More importantly, while Sorry To Bother You may not possess any sense of “classical unity”, it is still a unified film, and it doesn’t forget to be entertaining. Devilishly funny cinematic moments occur, and Cassius’s internal struggle is one which resonates, even if the landscape he navigates is highly surreal and exaggerated. The score by The Tune-Yards and The Coup (Boots Riley’s band), is one which singes the edges of the film with a cool fire, one which feels just as alive and playful as the films ideas. It’s cinematography aswell, shot mostly under the hot Californian sun in Oakland, prevents the film from any sense of gloominess, only fiery anger and fiery hope. I’ve talked more about what telling dark stories in sunlight can do, in Brick (2005, Dir. Rian Johnson), and Riley’s situating of most of the action in the bright sunlight makes everything feel more exposed, the darkness uglier because there’s no shadows to hide it.
The film’s chaos and order is channelled through the performances aswell. Lakeith Stanfield as Cassius seems to surf through the world and it’s inhabitants, waves overlapping and washing over him. Detroit (Tessa Thompson) is fierce, and her radicalised agenda grates against Cassius’s apathy, but that soon becomes complicated too. Squeeze (Steven Yeun), is less cool but more politically organised, a potential path for Cassius to walk. Langston (Danny Glover) is an elder, a compromised father/elder figure who’s help is double-edged. And Mr Steve Lift (Armie Hammer), does his best to convince you that you’ve got it all wrong. After all, power is rarely won virtuously.

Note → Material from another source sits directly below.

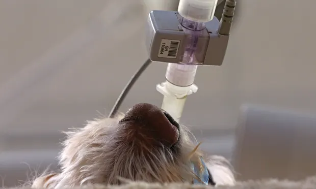 Normal respiratory rates for dogs and cats often vary based on size and positioning with most dogs breathing at 6–10 breaths/minute and cats at 16–20 breaths/minute. In a patient that is not spontaneously ventilating while under anesthesia, depth indicators should be assessed. If deemed adequate, the inhalant should be decreased. Intermittent manual and/or mechanical ventilation may need to be considered until spontaneous ventilation resumes.
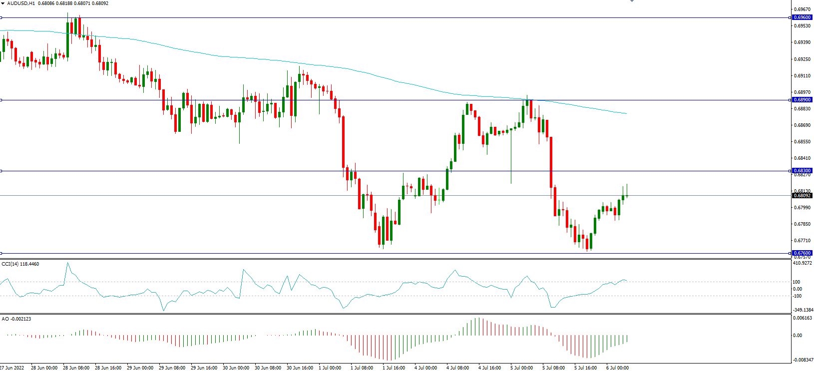 由澳币对美元的小时图来看,200MA趋势持续向下,由于澳币受到铁矿砂价格影响甚巨,在铁矿砂本季目标价下修且美元持续强劲的背景下,澳币对美元长线走势并不看好,短期操作可采取低买高卖的交易策略。昨日(7/5)价格碰触到200MA后便持续下跌,跌至7/1低点0.676后有所支撑并出现止跌回稳,可参考CCI突破100以及AO柱线突破0线作为进场时机,这波上涨趋势恐于0.683价位遇到压力,若能进一步突破此价位,将带来更多上涨动能,下一个压力位置将在200MA的0.689价位,若能突破此价格,未来才有机会突破0.7的关键价位。

Sorry To Bother You is a lot, I said that earlier. Because it is so conscious, so hyper aware of the interconnectedness and links between an individual and the society they live in, it can be thrown about for hours, for Riley has a lot to say, and even more for you to think about. But in a film where everything is compromised, by insecurity which ranges from personal to moral to worldwide, an aware acknowledgement and genuine wrestling with those insecurities is incredible to watch in a film, especially one that’s got a kerosene kick of style to boot. It’s a radically political film, it’s unashamed of its political leanings in a world which is not politically neutral, it’s a film which will leave you with mixed feelings, a film which pushes you as a viewer. It will not sit easily with everyone, and that’s good.
It’s at once a warning cry, a rallying cry, and a bitter and despondent cry. But most of all its courageous. To make a film like this, takes courage. And to watch a film like this, you get some of the fruits of that courage. So be brave. Track it down.